## ASSIGNMENT
Would you print only the lines running from the one with "南阳网讯 为深入贯彻落实国家" to the final line of the data below, word for word and without pictures?

## EXERCISE DATA
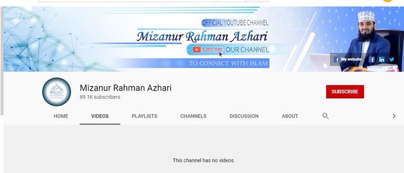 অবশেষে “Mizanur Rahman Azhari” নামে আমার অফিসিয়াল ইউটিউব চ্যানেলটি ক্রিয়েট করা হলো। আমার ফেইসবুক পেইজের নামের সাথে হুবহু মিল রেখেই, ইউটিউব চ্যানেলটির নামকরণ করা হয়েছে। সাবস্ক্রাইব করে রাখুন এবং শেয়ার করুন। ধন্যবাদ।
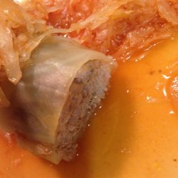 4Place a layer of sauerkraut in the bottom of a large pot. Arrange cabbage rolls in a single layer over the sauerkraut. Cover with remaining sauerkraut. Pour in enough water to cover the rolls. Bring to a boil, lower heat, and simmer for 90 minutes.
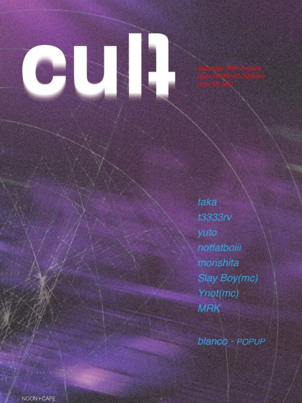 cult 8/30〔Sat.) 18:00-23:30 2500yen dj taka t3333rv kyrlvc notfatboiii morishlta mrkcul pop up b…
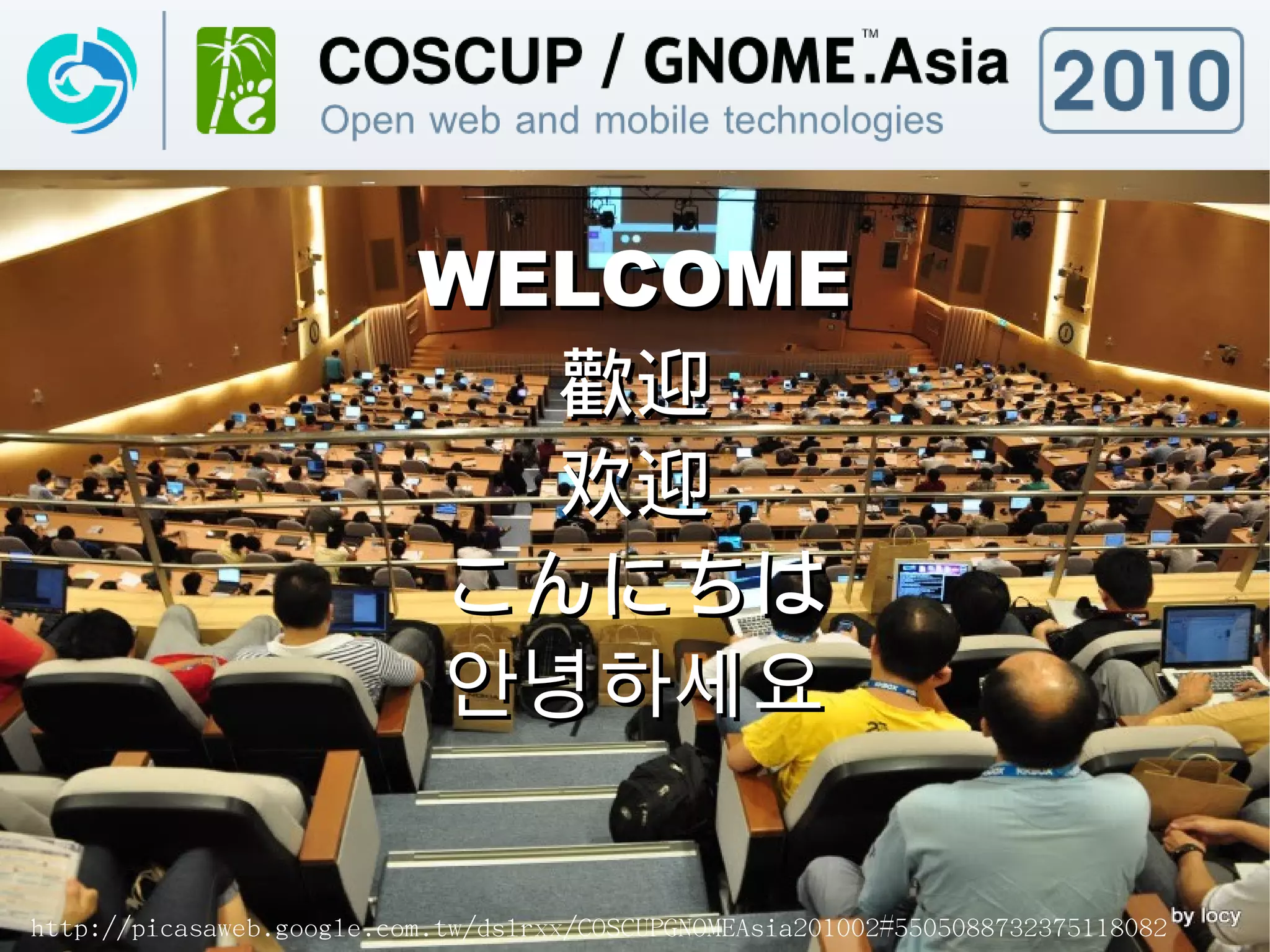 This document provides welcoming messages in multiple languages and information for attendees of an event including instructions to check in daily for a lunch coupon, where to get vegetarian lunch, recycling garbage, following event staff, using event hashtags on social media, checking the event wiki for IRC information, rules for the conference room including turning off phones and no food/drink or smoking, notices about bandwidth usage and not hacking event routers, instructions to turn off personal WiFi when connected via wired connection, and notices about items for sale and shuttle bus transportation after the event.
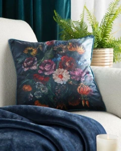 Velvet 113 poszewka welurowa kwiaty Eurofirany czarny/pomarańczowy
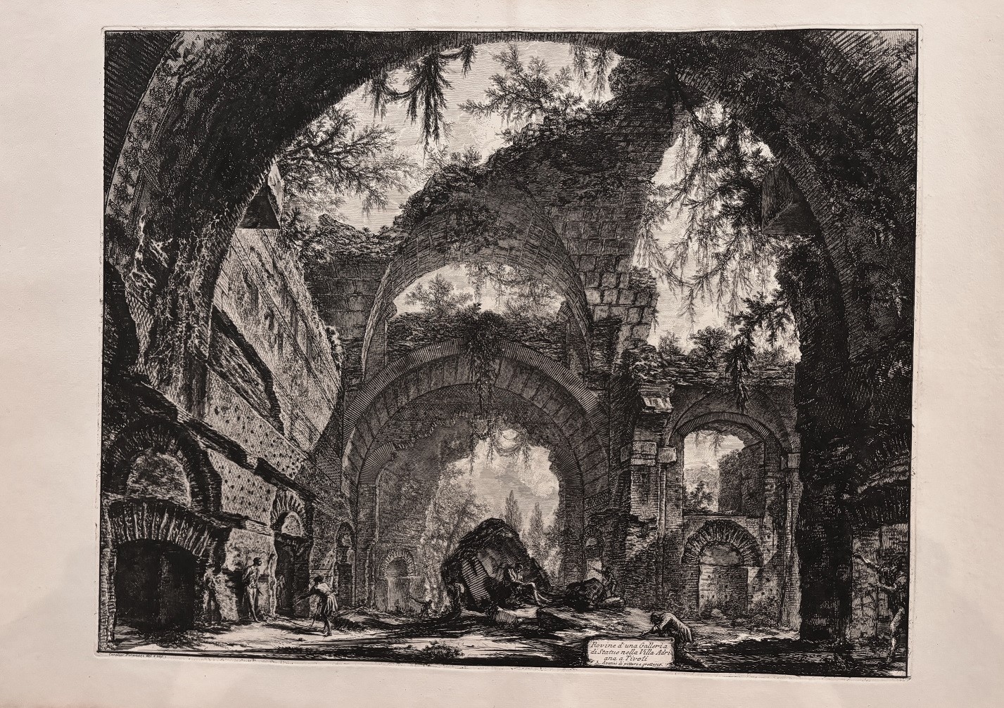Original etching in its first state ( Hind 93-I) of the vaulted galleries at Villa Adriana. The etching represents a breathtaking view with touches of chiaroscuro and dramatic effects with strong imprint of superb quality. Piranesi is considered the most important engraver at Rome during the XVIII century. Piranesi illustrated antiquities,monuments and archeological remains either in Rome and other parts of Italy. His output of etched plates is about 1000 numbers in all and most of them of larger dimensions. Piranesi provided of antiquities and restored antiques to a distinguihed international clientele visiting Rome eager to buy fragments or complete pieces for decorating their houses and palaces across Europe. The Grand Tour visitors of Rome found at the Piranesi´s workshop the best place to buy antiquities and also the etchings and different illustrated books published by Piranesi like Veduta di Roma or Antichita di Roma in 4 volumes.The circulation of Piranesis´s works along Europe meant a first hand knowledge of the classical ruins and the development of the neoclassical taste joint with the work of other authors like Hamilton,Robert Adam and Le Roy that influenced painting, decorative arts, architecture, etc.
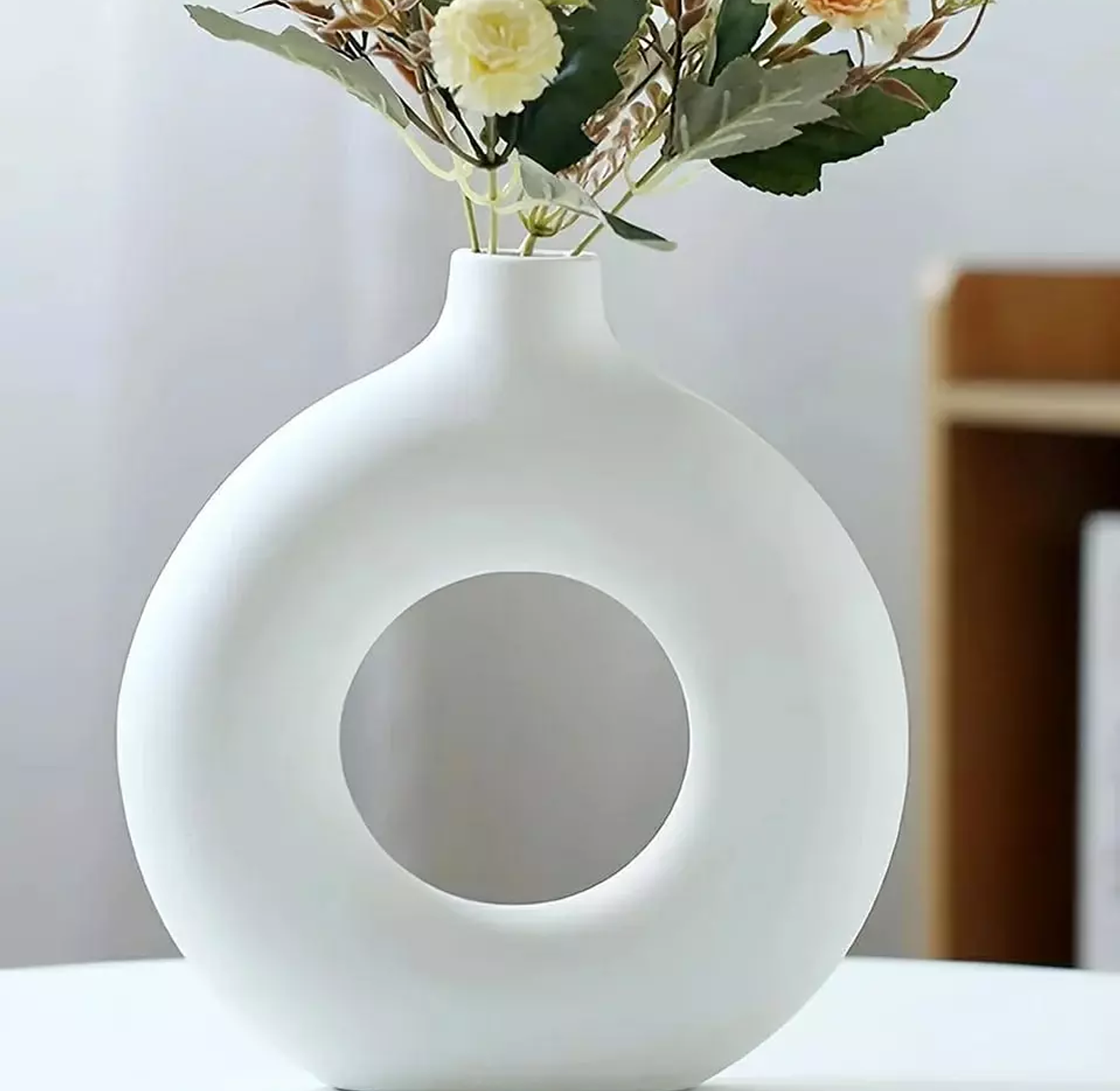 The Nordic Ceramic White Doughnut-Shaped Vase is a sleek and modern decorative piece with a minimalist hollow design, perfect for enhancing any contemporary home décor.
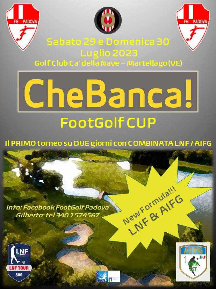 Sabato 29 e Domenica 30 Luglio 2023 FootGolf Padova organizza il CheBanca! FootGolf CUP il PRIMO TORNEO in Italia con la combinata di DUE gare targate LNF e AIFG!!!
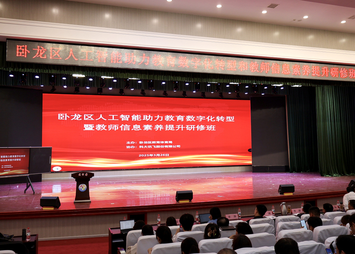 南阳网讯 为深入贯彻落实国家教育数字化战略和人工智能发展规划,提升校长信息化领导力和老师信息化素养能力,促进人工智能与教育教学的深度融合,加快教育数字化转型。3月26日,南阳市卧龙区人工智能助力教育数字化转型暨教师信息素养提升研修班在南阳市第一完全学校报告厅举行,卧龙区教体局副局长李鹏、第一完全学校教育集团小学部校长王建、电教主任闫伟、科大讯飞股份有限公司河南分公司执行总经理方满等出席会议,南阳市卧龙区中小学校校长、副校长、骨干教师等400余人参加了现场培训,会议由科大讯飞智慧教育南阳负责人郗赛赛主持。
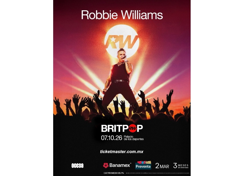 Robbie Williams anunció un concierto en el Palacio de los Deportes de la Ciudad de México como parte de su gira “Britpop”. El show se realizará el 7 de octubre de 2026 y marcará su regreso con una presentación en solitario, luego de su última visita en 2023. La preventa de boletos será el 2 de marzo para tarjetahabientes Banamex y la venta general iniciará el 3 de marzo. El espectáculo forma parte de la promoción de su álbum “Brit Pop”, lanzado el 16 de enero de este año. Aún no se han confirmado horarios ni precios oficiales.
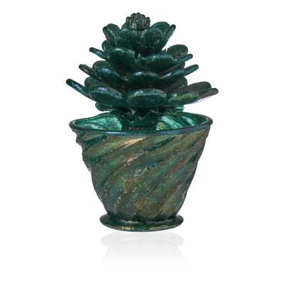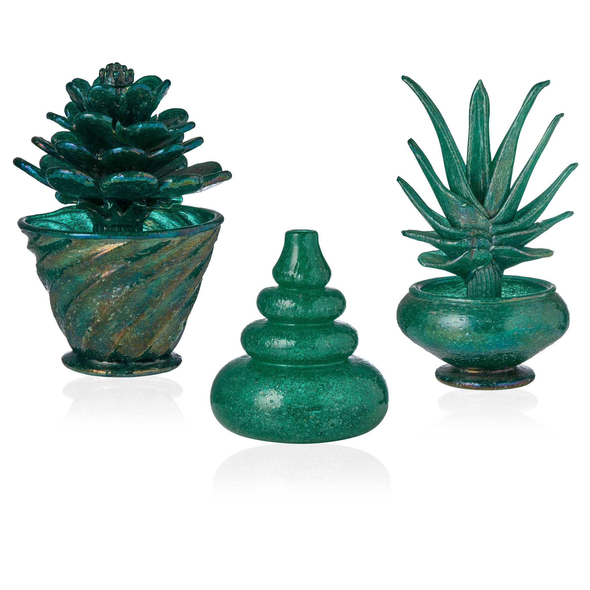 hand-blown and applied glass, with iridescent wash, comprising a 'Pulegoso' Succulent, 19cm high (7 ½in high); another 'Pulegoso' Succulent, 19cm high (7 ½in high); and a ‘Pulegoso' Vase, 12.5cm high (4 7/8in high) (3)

## ANSWER SECTION
 南阳网讯 为深入贯彻落实国家教育数字化战略和人工智能发展规划,提升校长信息化领导力和老师信息化素养能力,促进人工智能与教育教学的深度融合,加快教育数字化转型。3月26日,南阳市卧龙区人工智能助力教育数字化转型暨教师信息素养提升研修班在南阳市第一完全学校报告厅举行,卧龙区教体局副局长李鹏、第一完全学校教育集团小学部校长王建、电教主任闫伟、科大讯飞股份有限公司河南分公司执行总经理方满等出席会议,南阳市卧龙区中小学校校长、副校长、骨干教师等400余人参加了现场培训,会议由科大讯飞智慧教育南阳负责人郗赛赛主持。
 Robbie Williams anunció un concierto en el Palacio de los Deportes de la Ciudad de México como parte de su gira “Britpop”. El show se realizará el 7 de octubre de 2026 y marcará su regreso con una presentación en solitario, luego de su última visita en 2023. La preventa de boletos será el 2 de marzo para tarjetahabientes Banamex y la venta general iniciará el 3 de marzo. El espectáculo forma parte de la promoción de su álbum “Brit Pop”, lanzado el 16 de enero de este año. Aún no se han confirmado horarios ni precios oficiales.
 hand-blown and applied glass, with iridescent wash, comprising a 'Pulegoso' Succulent, 19cm high (7 ½in high); another 'Pulegoso' Succulent, 19cm high (7 ½in high); and a ‘Pulegoso' Vase, 12.5cm high (4 7/8in high) (3)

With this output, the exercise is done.